Bar Talk

Tyler Spratt

 

"What about that one over there?"

"Too Fat."

"Alright, how about one of those girls in line for the bathroom?"

"I’m a little old to be opening fresh hatchet wounds. Don’t even plant the seed man… hey. Look at that."

"Maybe five years ago."

"What’s that supposed to mean? Check the Rolex and the threads. Bitches like her, they are all about the money man."

"How do you know?"

"Look who she’s talking to. Both those guys’re older and fatter than me."

"How do you know that’s not her pop and uncle?"

"Man, look at her body language. No display of affection. She’s workin’ the mines for sure man. She really thinks she’s somethin’ too. Vanity always helps."

"So she’s vain huh? Well then you two are a perfect match. She can use the glossy shine of your scalp to help re-apply her makeup."

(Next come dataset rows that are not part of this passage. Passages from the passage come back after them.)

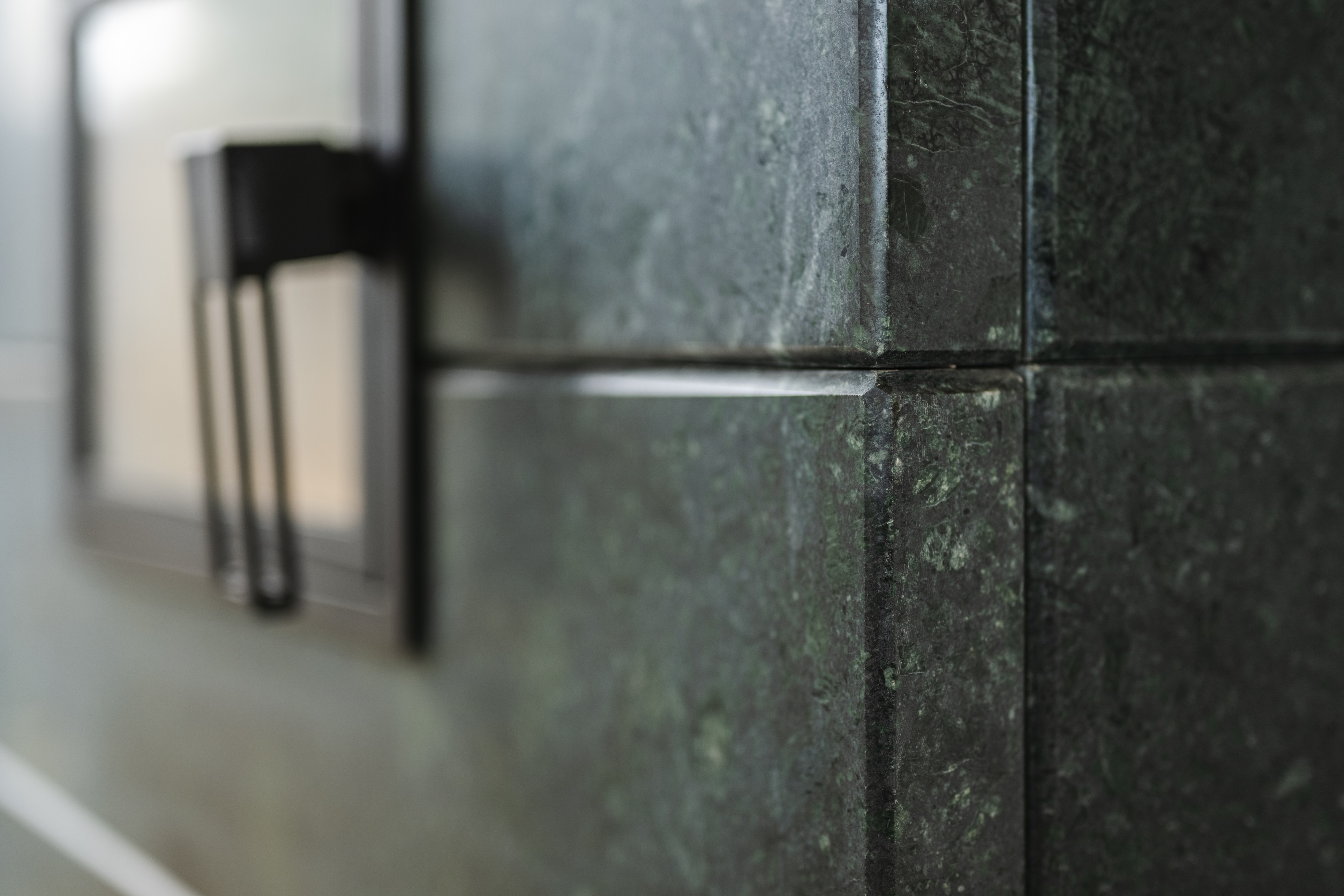 Blocks of soapstone travel in shipping containers to the Czech Republic, where they undergo hand finishing: cutting, grinding and final assembly. Every installation is precise manual work. "We deliver more than a tonne of soapstone material to our clients – precisely cut pieces that are assembled on site. It's like building with Lego, and it takes at least two to three working days," Šopík explains. Every piece of soapstone is unique – the colour and structure of the stone depend on the specific geological vein. The stoves are not just a heat source, but a standalone interior object with its own distinct character.
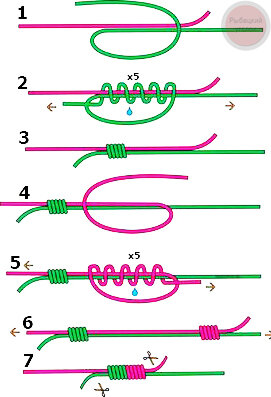 Если у Вас во время рыбалки порвалась леска, и сложилось так, что ее количество ограничено, то данная статья - то, что Вам нужно. Здесь описываются четыре способа связать порвавшуюся леску, которые помогут Вам найти выход из трудной ситуации. Виды узлов для лески Двойной скользящий узел Он является представителем скользящих и самозатягивающихся узлов. Это говорит о том, что такой узел не развяжется, однако порваться он все-таки может. Инструкция: 1. Разместить два конца лески параллельно в направлении друг к другу. 2. Сделать петли из нижнего элемента. 3. Продеть конец верхней лески в петлю. 4. Сложить вместе верхнюю и нижнюю части лески. 5. Конец нижнего элемента опустить вниз и провести через получившуюся петлю. 6. Конец верхнего элемента опустить вниз и провести через получившуюся петлю. 7. Натянуть концы лесок, затянув и совместив таким образом два узла. Змеиный узел Обычно этот узел применяется при связывании двух материалов одинакового диаметра. Пользуется большой популярностью
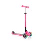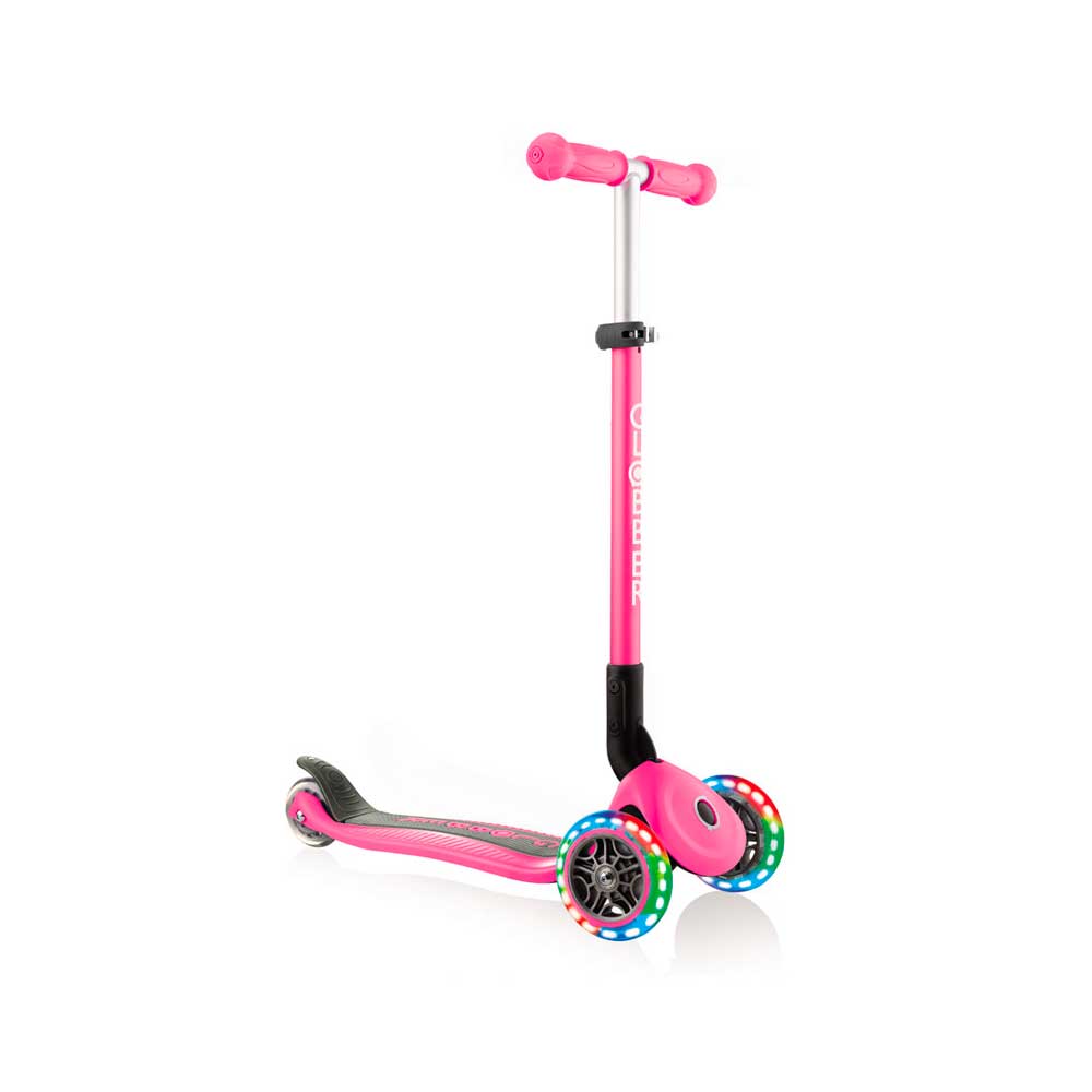 Primo Foldable Lights — новый трёхколёсный самокат от французской компании Globber. Primo Foldable Lights подходит для детей в возрасте от 3-х до 6-ти лет. С запатентованной системой складывания с помощью простого нажатия на кнопку. При сложении руль самоката опускается к деке и фиксируется для удобной перевозки/транспортировки. У новинки широкая удлиненная дека с нескользящим ребристым покрытием и усиленным широким тормозом, для безопасной и долговечной эксплуатации. Руль регулируется в 3-х положениях, а дека выдерживает до 50 кг. У деки самоката двухцветный дизайн и на выбор предлагается 5 ярких цветовых решений. Колёса самоката светятся при движении. Подшипник Abec 5. Высота руля: 67,5- 82,5. Материал: алюминий, пластик.
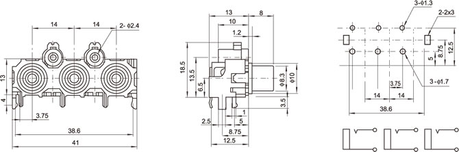 AV插座 AV3-8.4-14P(H) 90度三聯排6P兩腳插板 雙螺孔 紅色底座
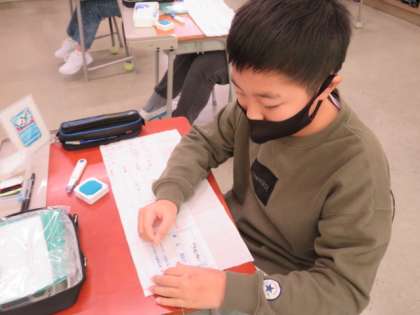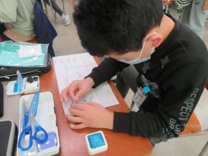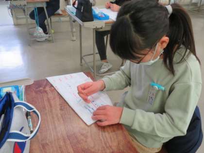 玉結びと玉留めに挑戦しています。何度も繰り返し練習していきます。
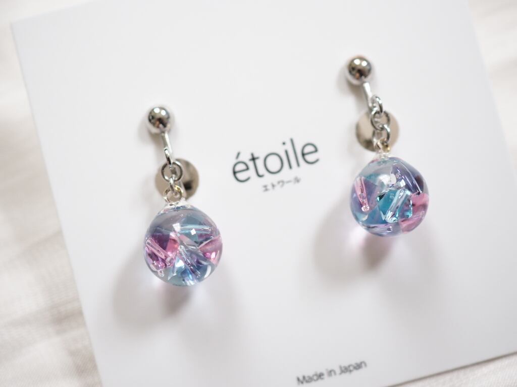 澄んだ樹脂ドームの中に高級クリスタルガラスを閉じ込めた、ラグジュアリーな輝きを放つピアス/イヤリング。
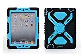 Pepkoo Ipad 2/3/4 Case Plastic Kid Proof Extreme Duty Dual Protective Back Cover with Kickstand and Sticker for Ipad 4/3/2 - Rainproof Sandproof Dust-proof Shockproof (Black/blue)
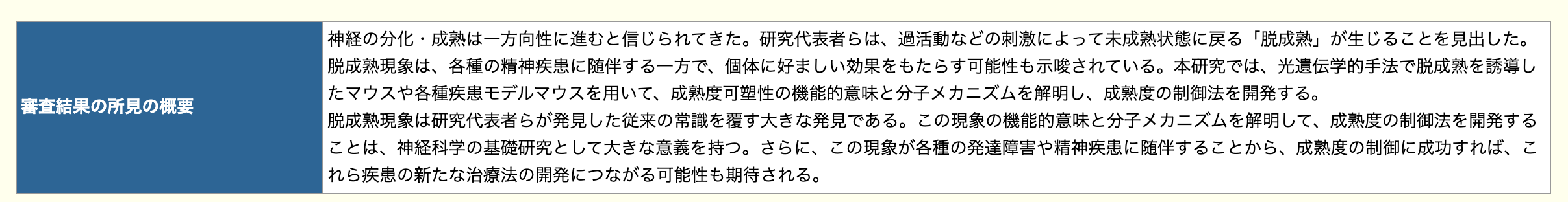 基盤研究(A)(一般)を「脳の成熟度可塑性の理解と制御」の研究課題で採択いただきました。 基盤研究(A)(一般)を「脳の成熟度可塑性の理解と制御」の研究課題で採択いただき、以下のような素晴らしい審査所見をいただくことができました。この現象の研究を進めることにより、各種の精神・神経疾患の克服を目指します。 クリックで画像拡大できます。
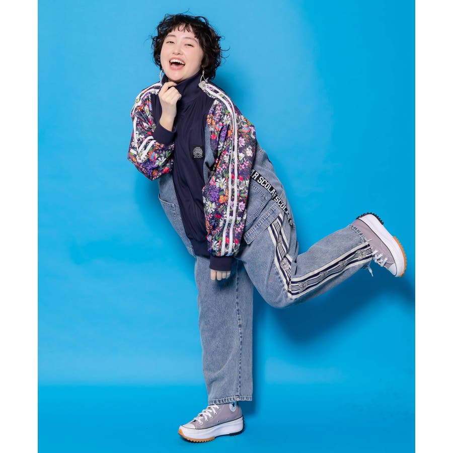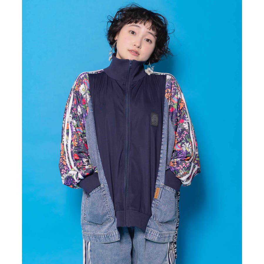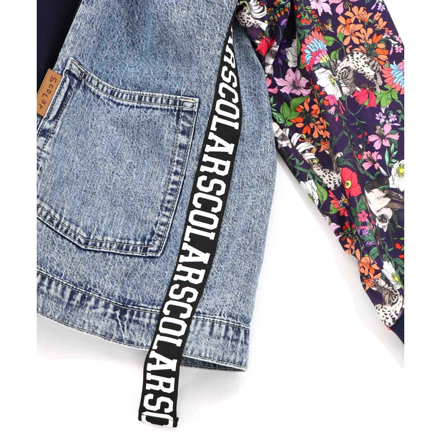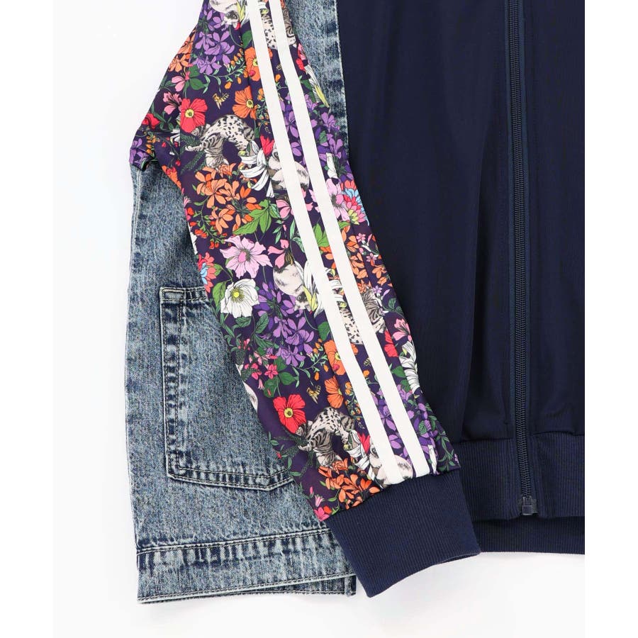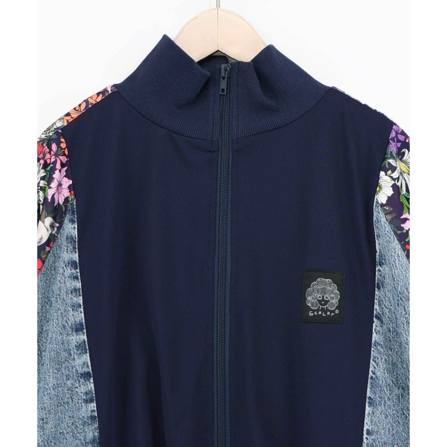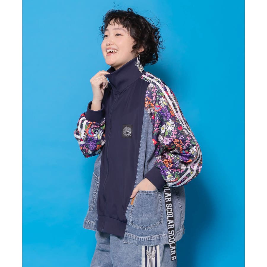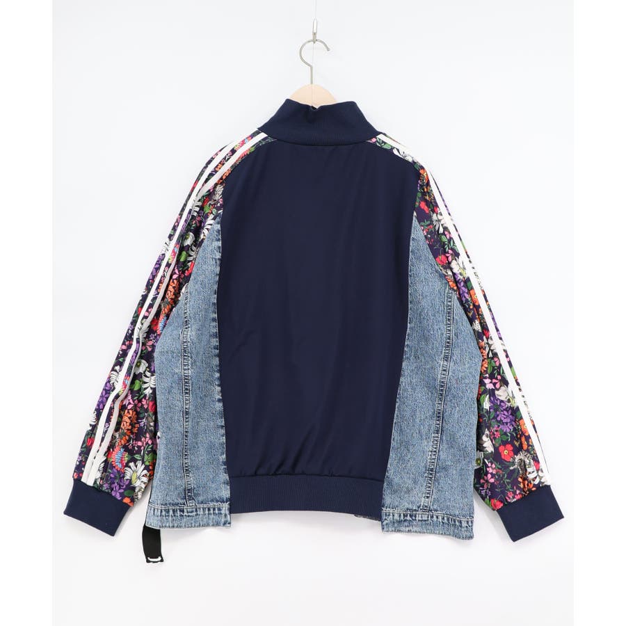 花ネコ柄ジャージ×デニム 異素材切替ブルゾン
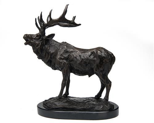 A BRONZE SCULPTURE OF A ROARING STAG,
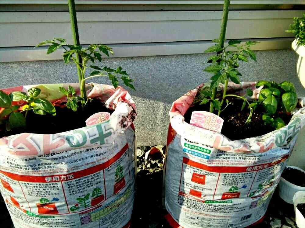 土袋に直接植付け。職場の先輩から「楽でいい」と教わって、発売チャレンジです!!
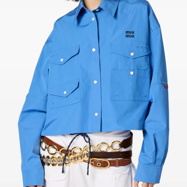 미우미우 로고 자수 프런트 포켓 셔츠

"Cute. Need I remind you of her present company?"

"So you intend to chase a gold digger? How does this make sense?"

"I’m not trying to make her my girlfriend man. She’s just gonna take a load."

"Yeah, I got that. But she’s gonna want to get some drinks out of ya."

"Man, as far as I’m concerned the drinks are a prostitution fee. Crack whores, alchowhores, whatever, when it comes to buying sex drugs aren’t just same as cash, they’re better."

"Prostitution bordering date rape."

"There is no brute force involved man…at least not on this end. If they accept the drinks, they accept the consequences of those drinks, and if they happen to be easily persuaded during periods of intoxication, I can hardly be blamed if the situation happens to work out for me."

"I’m not sure you are fully accounting for your level of involvement in all this."

"How is this any different than pickin’ up a sloppy drunk bitch at last call?"

"Another esteemed practice."

"What’s the fuckin’ deal man? Are you savin’ yourself for your wedding night?"

"What kind of question is that? I have a penis don’t I.

"Then play some wing, and help me fuck this bitch."

"And be an accessory? I don’t think so."

"Man, what’s the worst that could happen?"

"Incarceration. Public humiliation. Getting sodomized."

"Relax man, you have heard that bad things happen to good people right? Well bad things happen to gold digging bitches too. The difference is that nobody cares."

"So you see yourself as some kind of vigilante huh? Punishing the wicked one fine piece of ass at a time."

"Well…more or less."

"What happens when you get prayed upon by karma?"

"Man, Do you mean to tell me that you actually believe in superstitious bullshit like karma? Reality check man. There is no such thing as karma. Poetic justice only occurs when one or more people are aware of it. Look around you man. Do you see any signs divine justice? No. There is no right and wrong. No good and evil. Just actors and actions."

"I’m not gonna help you victimize that girl."

"Well then fuck you man. I will do it myself. You just pussed your way out of sloppy seconds."